◆ **Task description**:
Using the records that follow, reproduce exactly the lines starting at the line containing "Get the star" and ending at the line containing "Sollte die Verifizierung". Include both end lines and no pictures.

◆ **Materials provided**:
════════

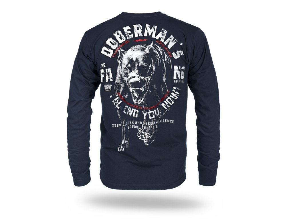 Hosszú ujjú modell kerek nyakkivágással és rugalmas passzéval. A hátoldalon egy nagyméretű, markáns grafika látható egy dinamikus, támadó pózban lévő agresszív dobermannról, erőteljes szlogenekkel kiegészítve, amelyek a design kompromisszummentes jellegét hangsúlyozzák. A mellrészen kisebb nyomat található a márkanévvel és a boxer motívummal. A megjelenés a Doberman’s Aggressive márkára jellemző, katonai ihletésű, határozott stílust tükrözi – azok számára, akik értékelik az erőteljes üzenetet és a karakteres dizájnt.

════════

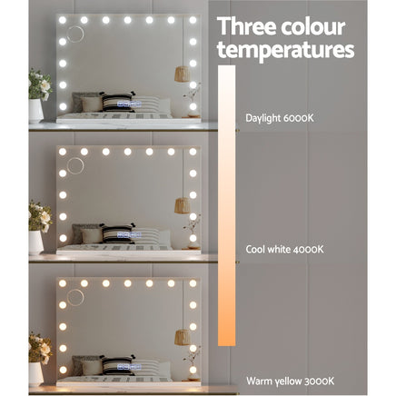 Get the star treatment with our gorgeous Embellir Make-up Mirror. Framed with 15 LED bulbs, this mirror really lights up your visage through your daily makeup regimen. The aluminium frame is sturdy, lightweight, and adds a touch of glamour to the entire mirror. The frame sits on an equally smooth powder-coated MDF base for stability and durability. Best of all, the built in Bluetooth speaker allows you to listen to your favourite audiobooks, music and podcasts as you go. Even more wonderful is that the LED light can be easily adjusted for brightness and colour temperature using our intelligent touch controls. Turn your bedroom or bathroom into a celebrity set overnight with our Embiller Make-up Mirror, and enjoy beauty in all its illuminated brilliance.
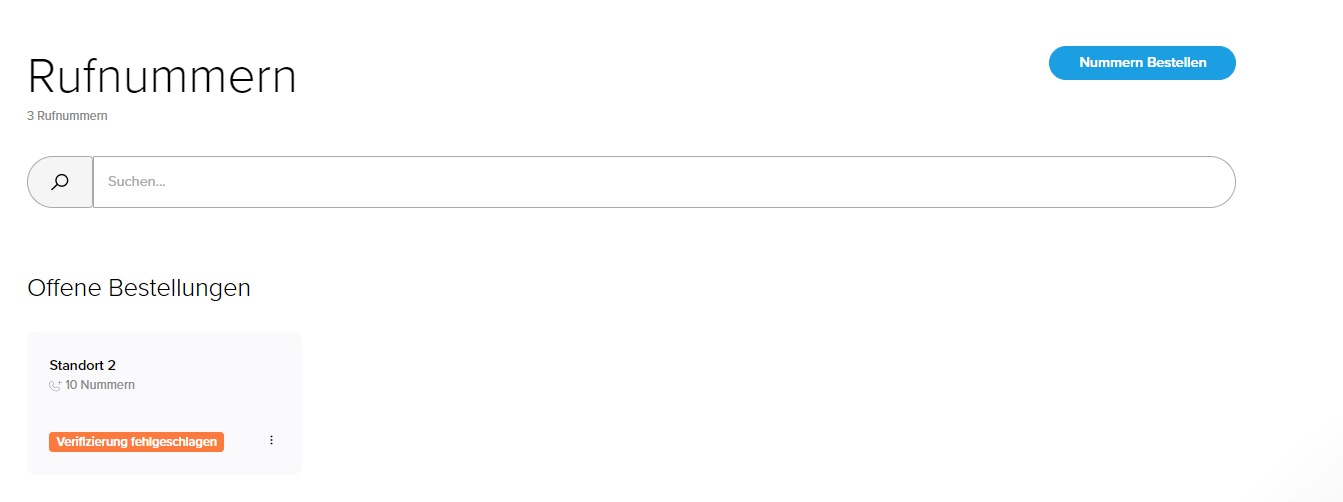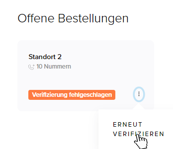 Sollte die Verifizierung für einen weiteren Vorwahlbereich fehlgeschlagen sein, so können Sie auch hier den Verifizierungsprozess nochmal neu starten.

════════

◆ **Result for this exercise**:
 Get the star treatment with our gorgeous Embellir Make-up Mirror. Framed with 15 LED bulbs, this mirror really lights up your visage through your daily makeup regimen. The aluminium frame is sturdy, lightweight, and adds a touch of glamour to the entire mirror. The frame sits on an equally smooth powder-coated MDF base for stability and durability. Best of all, the built in Bluetooth speaker allows you to listen to your favourite audiobooks, music and podcasts as you go. Even more wonderful is that the LED light can be easily adjusted for brightness and colour temperature using our intelligent touch controls. Turn your bedroom or bathroom into a celebrity set overnight with our Embiller Make-up Mirror, and enjoy beauty in all its illuminated brilliance.
 Sollte die Verifizierung für einen weiteren Vorwahlbereich fehlgeschlagen sein, so können Sie auch hier den Verifizierungsprozess nochmal neu starten.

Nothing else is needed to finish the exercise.